Photo by Fiona Grace

Salt Lake City-born, Seattle-based Stella Lovell has just released “Lonely,” the closing track to her debut self-titled EP.

Lovell’s new single “Lonely” is a steady, dreamy jaunt through loss and heartache, pushed forward by slow-hitting momentum and shimmering layers of interwoven guitar melodies. Deep bass pours the melancholic foundation beneath the track, and for a song rooted in grief, there’s still more than enough groove here to get your foot tapping.

After a few bars, Lovell introduces a vocal performance full of the same emotional inflection that makes artists like Phoebe Bridgers and Julien Baker so easy to fall for.

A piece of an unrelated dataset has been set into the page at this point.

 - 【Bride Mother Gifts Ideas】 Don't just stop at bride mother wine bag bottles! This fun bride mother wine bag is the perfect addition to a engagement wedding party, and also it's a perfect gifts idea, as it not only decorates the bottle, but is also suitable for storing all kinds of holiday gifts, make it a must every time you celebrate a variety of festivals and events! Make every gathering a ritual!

Balancing bursts into the upper register with near-whispered line endings, Lovell had us hooked within the first thirty seconds. Between verses, a string section arrives, adding a sweeping sense of ebb and flow to an already lush arrangement.

Lovell claims “Lonely” has gone through many variations over the years, but that she couldn’t be happier with this final rendition: “I was lucky enough to have Greg Leisz who has played on thousands of amazing artists’ projects, such as Bob Dylan, Fiona Apple, Joni Mitchell, Bruce Springsteen, Lana Del Rey, Jackson Browne, and so on, to play pedal steel on this track. It was a song I wrote through grief and heartbreak, but it has now become a golden light on this record.”

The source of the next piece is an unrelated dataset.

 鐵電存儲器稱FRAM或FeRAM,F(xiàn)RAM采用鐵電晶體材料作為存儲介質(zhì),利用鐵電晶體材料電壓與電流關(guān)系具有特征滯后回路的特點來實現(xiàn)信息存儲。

We were not provided any lyrics, but it’s still impossible not to get hung up on lines like “I still sleep six feet from your grave.” The emotional weight in “Lonely” is nearly unbearable at times, allowing it to mirror the perils of daily life with eerie precision. For a track that clocks in at nearly five minutes, it leaves listeners with just enough time to sob in the car before heading back to work.